I sort of hate when the upstream make incompatible changes.
Patrick Cudahy
@pgcudahy

Hello, I have what I think is a simple question but haven't been able to get it to work. I'm processing genomes that are a mix of single-ended and paired-end reads. Before mapping them to a reference the commands are different between single and paired, so I have two parallel pipelines. But after mapping them, they're all bam files and I'd like to continue processing using just one pipeline. To show you what I mean, first I grab all the fastq files and join the ones that are paired. The filenames have the sample name followed by "_R1.fastq.gz" or "_R2.fastq.gz" to indicate a forward or reverse read.

[global]
import glob
import itertools
import os

fastq_files = sorted(glob.glob("/data/*.fastq.gz"))
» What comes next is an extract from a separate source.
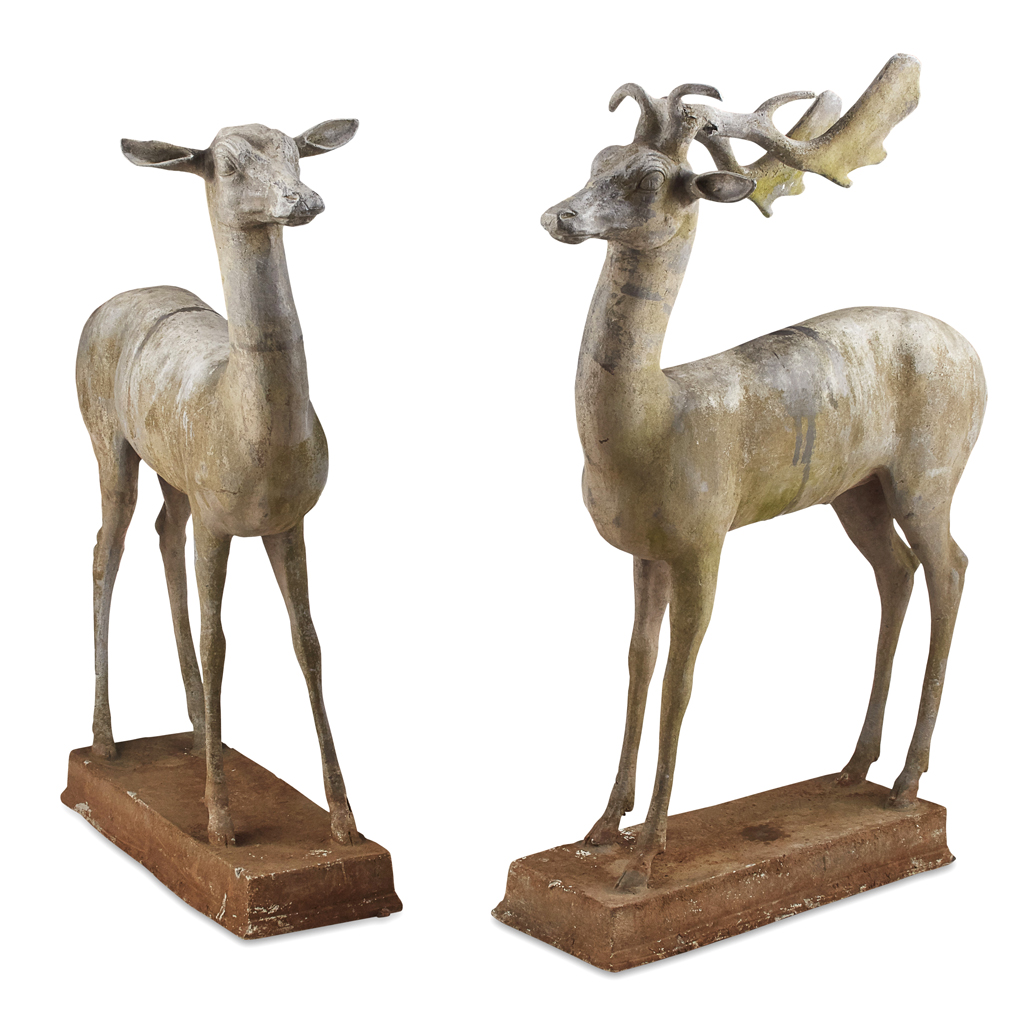 VICTORIAN LEAD GARDEN FIGURES OF A STAG AND DOE

grouped_fastq_dict = dict()
for k, v in itertools.groupby(fastq_files, lambda a: os.path.split(a)[1].split("_R", 1)[0]):
    grouped_fastq_dict[k] = list(v)

single_read, paired_read = dict(), dict()
for k,v in grouped_fastq_dict.items():
    if len(v) == 1:
        single_read[k] = v
    elif len(v) == 2:
        paired_read[k] = v
    else:
        print(f'Error: {k} has < 1 or more than 2 associated fastq files')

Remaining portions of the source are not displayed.